Viive Sterpu (née Sirkel, December 10, 1953 - December 5, 2012) was an Estonian artist married to fellow artist Eugen Sterpu.

==Biography==
Sterpu drew mostly with pastel colours on sandpaper. She also experimented with graphic art and glass works. Sterpu found her motifs mostly from everyday life. She loved animals and nature and portrayed them in her art. Sterpu signed her art with the name '"Viive"'. Before her marriage she used name "Sirkel" as a signature. In 2004 Eesti Televisioon made a documentary Viive and Eugen Sterpu for the programme series “Subjektiiv”. Sterpu was a member of Estonian Artists' Association.

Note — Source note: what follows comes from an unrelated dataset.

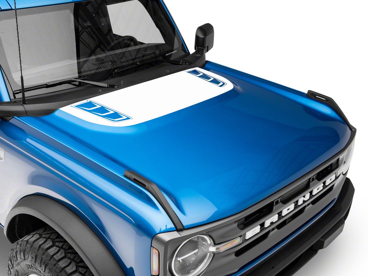 Hood Bulge Accent Decal. Accent the hood bulge found on your Bronco with this Sec10 Decal that features Faux Hood Vents. A white Sec10 Hood Bulge Decal is a simple and inexpensive way to personalize your Ford Bronco.
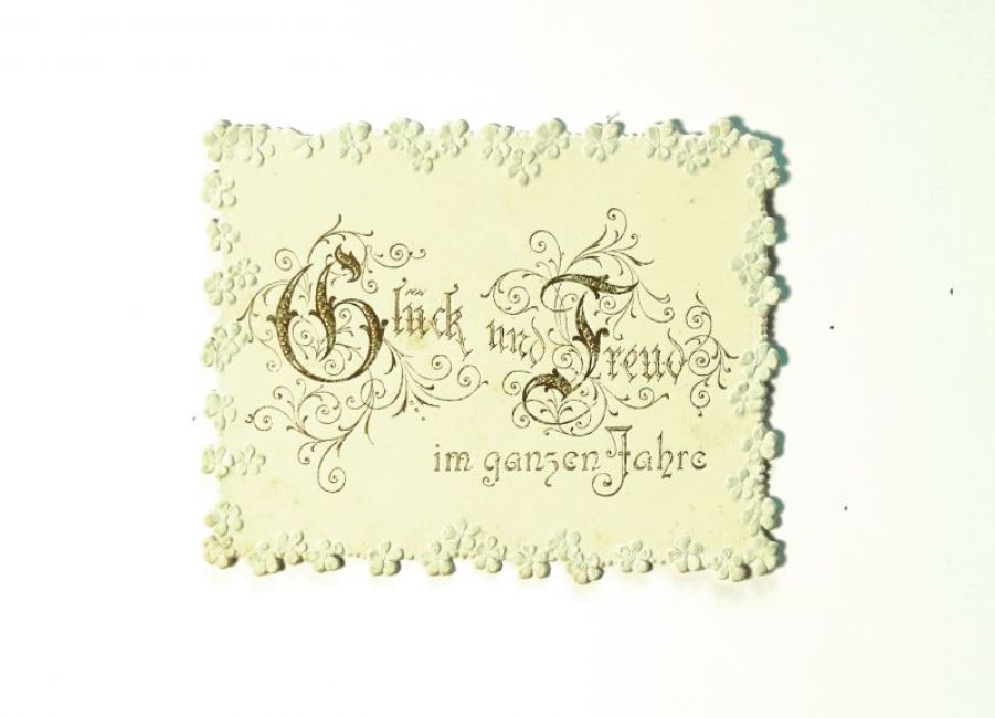 Glückwunsckarte zum neuen Jahr ca. 1895. Auf der Rückseite: Familie Kleiner

Sterpu had individual and joint exhibitions in Estonia, Finland and Italy. In April 2012 she had a joint art exhibition with his husband in Turku, Finland. Giacomo Puccini's music gave her the inspiration to draw a series of 12 pictures called "The Puccinian Heroines". She donated this series of 14 heroines (Anna, Tigrana, Manon, Mimi/Musetta, Tosca, Cio-Cio-San, Minnie, Magda, Giorgetta, Suor Angeliga, Lauretta, Liú/Turandot) to the Villa Museo Giacomo Puccini (Torre del Lago Puccini in Italy) in April 2007. The donation was received by Signora Simonetta Puccini, Giacomo Puccini's granddaughter. The subjects of the Puccinian heroines has been used by travel agency Kaleva Travel in Finland for its own year stamps. By 2012 nine stamps had been published and there were to come.